◆ Task statement: The data below holds a line containing "En Seine-Saint-Denis, il" and a line containing "시흥시(시장 임병택)는 시민의"; please quote exactly those two lines and every line between them, and nothing else.

◆ Provided data:
☆ ☆ ☆ ☆ ☆ ☆ ☆
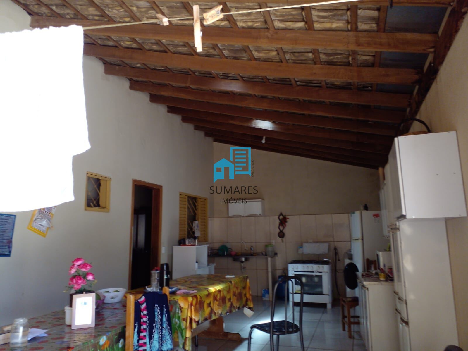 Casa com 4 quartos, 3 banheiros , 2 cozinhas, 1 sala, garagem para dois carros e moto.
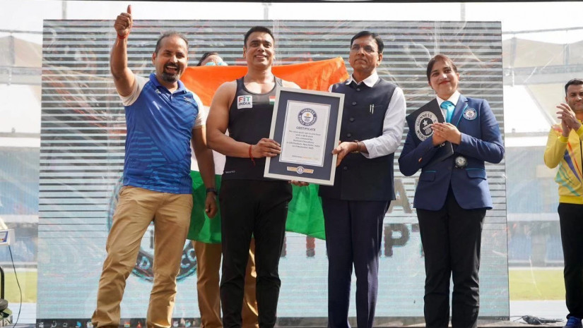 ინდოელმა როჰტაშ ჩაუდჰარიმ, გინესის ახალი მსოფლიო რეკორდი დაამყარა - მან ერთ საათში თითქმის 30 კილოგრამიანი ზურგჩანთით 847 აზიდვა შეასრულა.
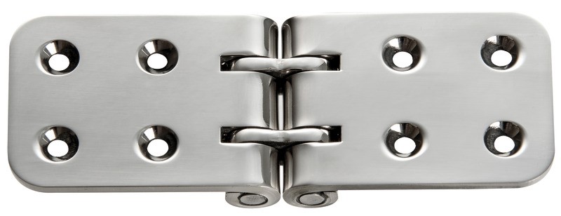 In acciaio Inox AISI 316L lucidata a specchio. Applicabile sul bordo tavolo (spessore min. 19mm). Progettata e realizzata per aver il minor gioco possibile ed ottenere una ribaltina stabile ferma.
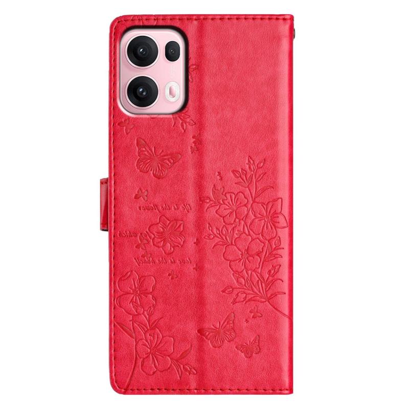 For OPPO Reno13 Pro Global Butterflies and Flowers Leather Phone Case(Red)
☆ ☆ ☆ ☆ ☆ ☆ ☆
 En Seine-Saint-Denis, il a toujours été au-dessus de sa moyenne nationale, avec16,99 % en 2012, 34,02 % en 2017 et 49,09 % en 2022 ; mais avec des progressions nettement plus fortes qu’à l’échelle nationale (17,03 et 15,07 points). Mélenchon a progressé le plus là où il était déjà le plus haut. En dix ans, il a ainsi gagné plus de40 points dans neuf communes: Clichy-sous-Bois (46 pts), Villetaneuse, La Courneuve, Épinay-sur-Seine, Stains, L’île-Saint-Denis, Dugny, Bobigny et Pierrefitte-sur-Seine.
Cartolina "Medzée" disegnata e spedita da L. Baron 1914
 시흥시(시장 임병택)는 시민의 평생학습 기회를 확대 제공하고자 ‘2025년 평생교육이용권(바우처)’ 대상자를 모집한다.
☆ ☆ ☆ ☆ ☆ ☆ ☆
◆ Answer:
 En Seine-Saint-Denis, il a toujours été au-dessus de sa moyenne nationale, avec16,99 % en 2012, 34,02 % en 2017 et 49,09 % en 2022 ; mais avec des progressions nettement plus fortes qu’à l’échelle nationale (17,03 et 15,07 points). Mélenchon a progressé le plus là où il était déjà le plus haut. En dix ans, il a ainsi gagné plus de40 points dans neuf communes: Clichy-sous-Bois (46 pts), Villetaneuse, La Courneuve, Épinay-sur-Seine, Stains, L’île-Saint-Denis, Dugny, Bobigny et Pierrefitte-sur-Seine.
Cartolina "Medzée" disegnata e spedita da L. Baron 1914
 시흥시(시장 임병택)는 시민의 평생학습 기회를 확대 제공하고자 ‘2025년 평생교육이용권(바우처)’ 대상자를 모집한다.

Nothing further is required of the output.